Learning and testing
Constructing a useful test can be very difficult.
Our tutoring consultant has had a very full schedule this past couple of weeks. He puts it down mostly to the first full-scale tests in classrooms, before which some students decided they needed extra preparation and after which other students found they should have had it. The first standardized-test dates of the school year added some additional pressure.

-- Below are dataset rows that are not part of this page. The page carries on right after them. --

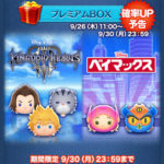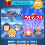 新ツム第1弾:キングダムハーツシリーズ3体 追加&確率アップ | 2019年9月1日0:00〜9月5日10:59まで |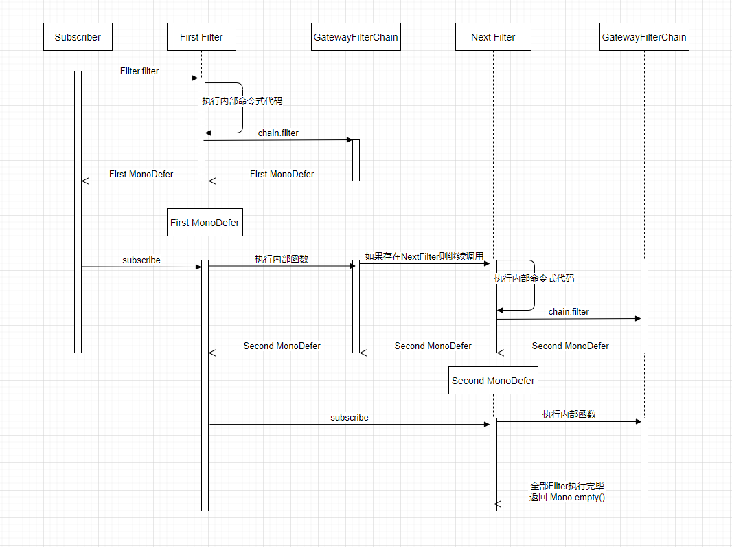 nextFilter.filter,如果所有过滤器都已执行完毕则返回 Mono.empty(对应 MonoDefer 的 44 行)nextFilter.filter先执行filter方法中所有的命令式的代码,然后返回chain.filterFirst Filter 返回的 MonoDefer 内部会去订阅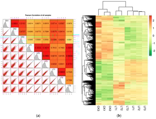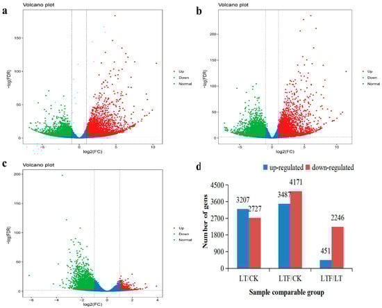 In this study, the reliability of the transcriptome data was assessed using the Pearson’s correlation coefficient, that is, the closer the r is to 1, the stronger the correlation between the two replicate samples; the good reproducibility of all three biological replicates in each treatment was obtained from the correlation coefficient (Figure 2a). In addition, we visualized the expression patterns of different points in each group through cluster analysis, which further showed that the data were reliable (Figure 2b). To compare the differences on gene expression under LT and LTF, we divided the different treatments into three groups. In total, 5934 DEGs were identified from the rice leaves between the LT and CK (3207 up-regulated and 2727 down-regulated) (Figure 3a,d); 7658 DEGs were identified between the LTF and CK (3487 up-regulated and 4171 down-regulated) (Figure 3b,d); and 2697 DEGs were identified between the LTF and LT (451 up-regulated and 2246 down-regulated) (Figure 3c,d).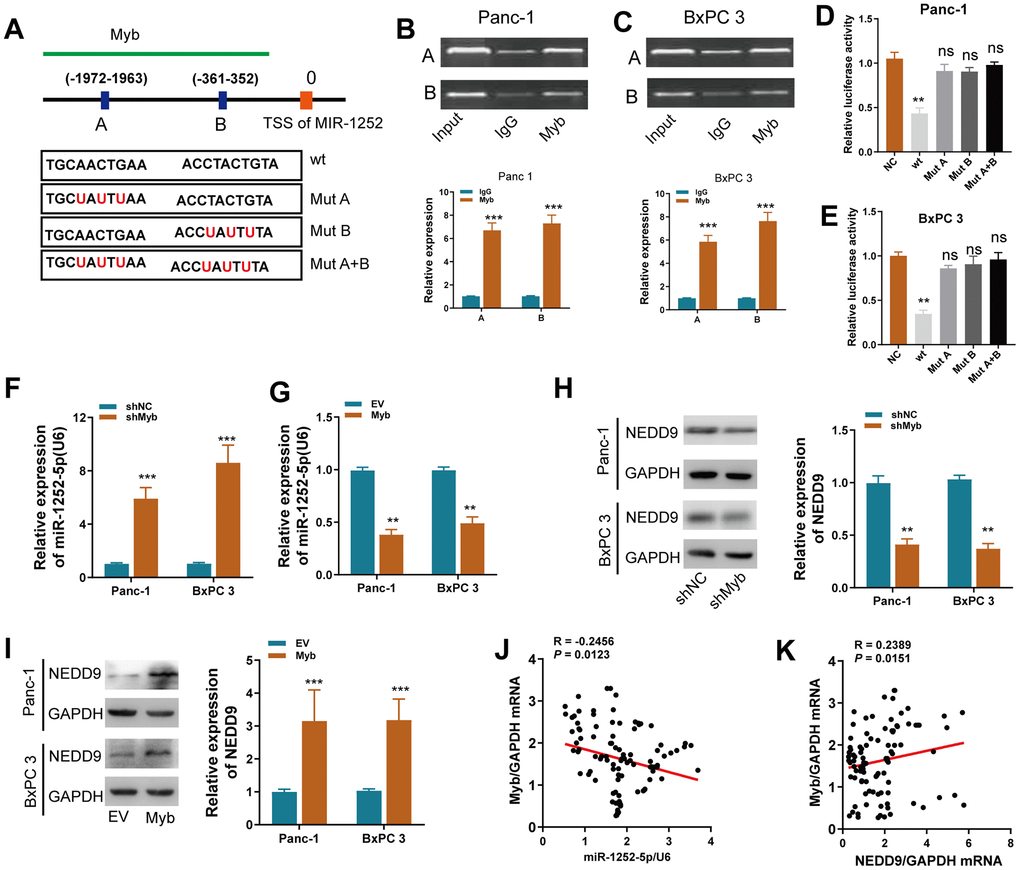 We used the JASPER bioinformatics software program to search a 2 kb region upstream of the transcription start site (TSS) of miR-1252. Two Myb-binding motifs from 1963 to −1972 and −352 to −361 were identified, named A and B (Figure 8A), and ChIP assay confirmed that Myb protein was indeed recruited to these two binding sites in both cells (Figure 8B, 8C). Next, reduced luciferase activity in the wt miR-1252 promoter was observed after overexpression of Myb in both cells (Figure 8D, 8E). These effects were not observed when the A and/or B sites were mutated. We found that ectopic expression of Myb inhibited, while silencing of Myb increased, miR-1252-5p expression in PAC cells (Figure 8F, 8G). On the contrary, expression of NEDD9 protein in PAC cells was decreased or increased after expression of Myb was silenced or upregulated, respectively (Figure 8H, 8I). Furthermore, Myb expression was inversely correlated with miR-1252-5p expression, but positively with NEDD9 expression in human PAC tissues (Figure 8J, 8K).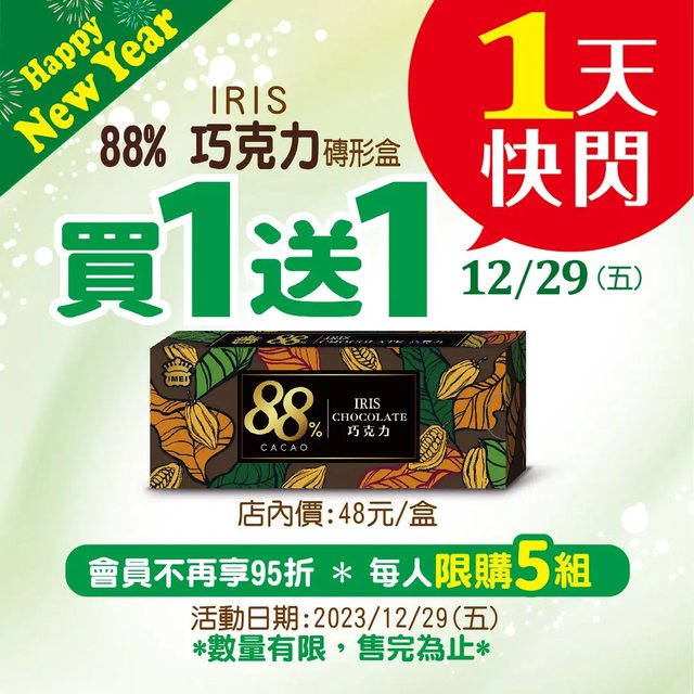 活動日期:2023/12/29(五) 活動優惠:IRIS 88% 巧克力磚形盒買一送一 https://i.imgur.com/OCKbZhT.jpg

A few students have asked questions about how best to study, in particular how to memorize the necessary elements of trigonometry or the conjugations of a Spanish verb. Alas, there are no magic ways (that we know of). Repeated practice and self-testing over time constitute the basic technique. Later on, using the Unit Circle in problem after problem and writing proper Spanish sentences will cement the knowledge until it’s second nature. At least that’s the aim. Our tutor continues by pointing out that each person learns differently, and it’s valuable to discover one’s own best methods.

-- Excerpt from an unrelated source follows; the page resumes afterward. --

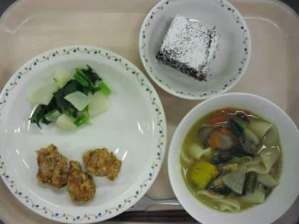<かぼちゃほうとう・鶏のから揚げ・かぶのゆず漬・ブラウニー・牛乳>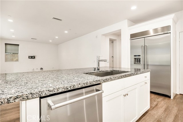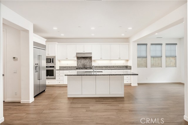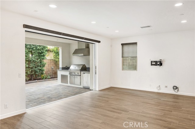 Ideally located in the highly sought-after Greenwood Community in Tustin Legacy Area. Boasting 4 bedrooms, 4.5 bathrooms, Residence 3 with outdoor kitchen. This turnkey home will greet you with the warm wide wood plank tile floors. Main level open floor plan with one bedroom downstairs. Well-appointed kitchen, complete with granite counter tops, KitchenAid stainless-steel appliances and Kohler farmers sink. Kitchen opens to the bright dining and living room area with multi-panel pocket doors to the yard. Ascending to the second level, you’ll discover three bedrooms and family room. The primary suite impresses with en-suite bathroom and dual walk-in closets, soaking tub and separate shower. Bedroom three with en-suite bathroom and fourth is spacious and bright. Second floor laundry with lots of storage. Landscaped backyard with covered outdoor room with outdoor kitchen with gas grill, hood and fridge, sink. Two car garage with electric car outlet. Notable enhancements, custom shutters and draperies, neutral paint, functional floor plan. This community has pool and spa, clubhouse, parks and BBQ area and children’s playgrounds, basketball courts. Located near to shopping, parks, and freeways.

But recently he’s come to the conclusion that another bit of self-knowledge is equally important, at least in the short run: how much do I know, and how well do I know it? It’s possible to be quite mistaken about this. A student who can follow an example problem in class might decide she understands the method, but still be quite unable to work one on her own. One who works a problem by following a pattern may not understand how to apply the principles elsewhere (this is common in Physics). On the other hand, our tutor remembers one student in particular who was convinced she had no grasp of trigonometry. He made a few connections between the isolated ideas she did have, and suddenly she understood the subject. (He cherishes this memory, which is admittedly a bit simplified. Rarely has he gotten such a big return for such a small effort.)
Well, how does a student find out the state of his or her understanding? Mostly (in our subjects) through problem sets and tests (in the latter we include everything from weekly quizzes to final exams). If you’ve not been a teacher you may not understand just how time-consuming and tedious constructing these can be. You have to have variety, so the students are required to analyze each anew; and volume, to give plenty of practice.
It can also be difficult to test what you want to test. In Physics, for example, the teacher wants to see whether the student understands forces, combinations and components of forces, and how they produce acceleration. For this, the venerable inclined plane is trotted out again and again. Done correctly, an inclined-plane problem does indeed demonstrate these things. But there are limits to how much variety a teacher can include in such a problem. Many students simply memorize a pattern, involving mu cosine theta and m sine theta, and it works often enough for them to get by. Our astronomer tried to get around this by including short essay questions. They proved very difficult to grade. For students at the top and bottom, their understanding or lack of it was clear. However, to interpret a paragraph as either slightly or greatly confused was often a puzzle. When one student found he could store whole paragraphs out of the textbook in his calculator, our astronomer gave up the idea.
Of course the problem is not restricted to introductory Physics, and we would be surprised if something similar couldn’t be identified in subjects other than the hard sciences. The test of a really good teacher could be the ability to construct a good test.